Embrace the allure of a fresh start with the new year. It's a great time to commit to your money goals, budget better, pay down debt, ditch bad habits and improve your financial picture to reach your goals.
If you want 2022 to be a better year for your money, consider making these financial New Year’s resolutions.
Your entire year's financial success likely rests on having a decent budget. “One important financial resolution for 2022 should be putting together a financial plan,” says Cynthia Pruemm, an investment advisor and the founder and CEO of SIS Financial Group in Hoffman Estates, Illinois. “Part of this process is doing a financial analysis of your income, expenses and investments."
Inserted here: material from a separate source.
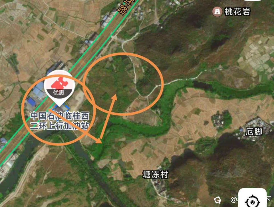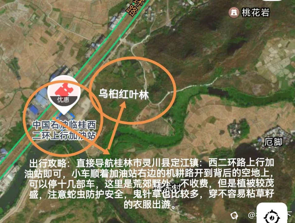 出行攻略:直接导航桂林市灵川县定江镇:西二环路(中国石油)上行加油站即可,小车顺着加油站右边的机耕路开到背后的空地上,可以停十几部车,这里是荒郊野外,不收费,但是植被较茂盛,注意蛇虫防护安全,鬼针草也比较多,穿不容易粘草籽的衣服出游。
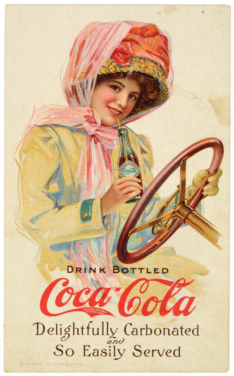 Vintage Coca-Cola advertising postcard. The image features the “Motor Girl,” a popular character in the brand’s campaigns in the early 20th century.

If you're discouraged by the idea of being buried in data and can't afford an accountant, Pruemm suggests using a software program like Quicken. There are also plenty of personal finance websites and apps that can help with budgeting, including Mint.com, PocketGuard or You Need a Budget. Or you can go old school with a pad of paper and pen. But you can't argue with a resolution like budgeting.
One thing that should definitely go in your budget is how much you plan to put away in an emergency fund or savings account – or both.
“Another resolution should be saving every month regardless of the amount,” Pruemm says.
If you’re struggling with how to save money, Pruemm suggests Acorns.com, “where your spare change on each debit card or credit card transaction gets set aside into a separate savings account. You will be surprised how quickly all that spare change can add up.”
And when you're shopping online, she says, “shop for the same products through (cash-back websites) Rakuten or Ibotta where you get quarterly refunds for simply shopping through their website.”
Paying yourself first generally means "paying" your future self money. It's important to do it first because if you pay yourself last, chances are you won't pay yourself at all.
An easy way to pay yourself first is by contributing to a 401(k), especially if your employer offers matching contributions, says Brian Stivers, an investment advisor and founder of Stivers Financial Services in Knoxville, Tennessee.
“I suggest you set a goal of setting aside 10% of your income each month for a future need such as retirement,” he says. "If your employer matches up to 4% of your annual income, then you would only need to contribute 6% of your income to pay yourself 10% of your income for retirement.”
Paying yourself first can also mean putting money into a savings account or an emergency fund before you pay for other expenses.
Stivers suggests finding cheaper restaurants – or, of course, you could always cook more.
“It isn't unusual for a couple to eat out three to four times a week when both are working,” Stivers says. “Whether this is takeout or dining in, this could easily add up to $100 to $200 a week or more.” It’s even worse for your budget, of course, if you have kids and are eating or ordering out three to four times a week.
“So if the 'eating out' budget was cut in half to $50 to $100 a week, and you placed the money in a savings account, or even in a savings jar at home, by the end of 2022 you will have saved $2,600 to $5,200 a year for other needs, goals or dreams,” Stivers says.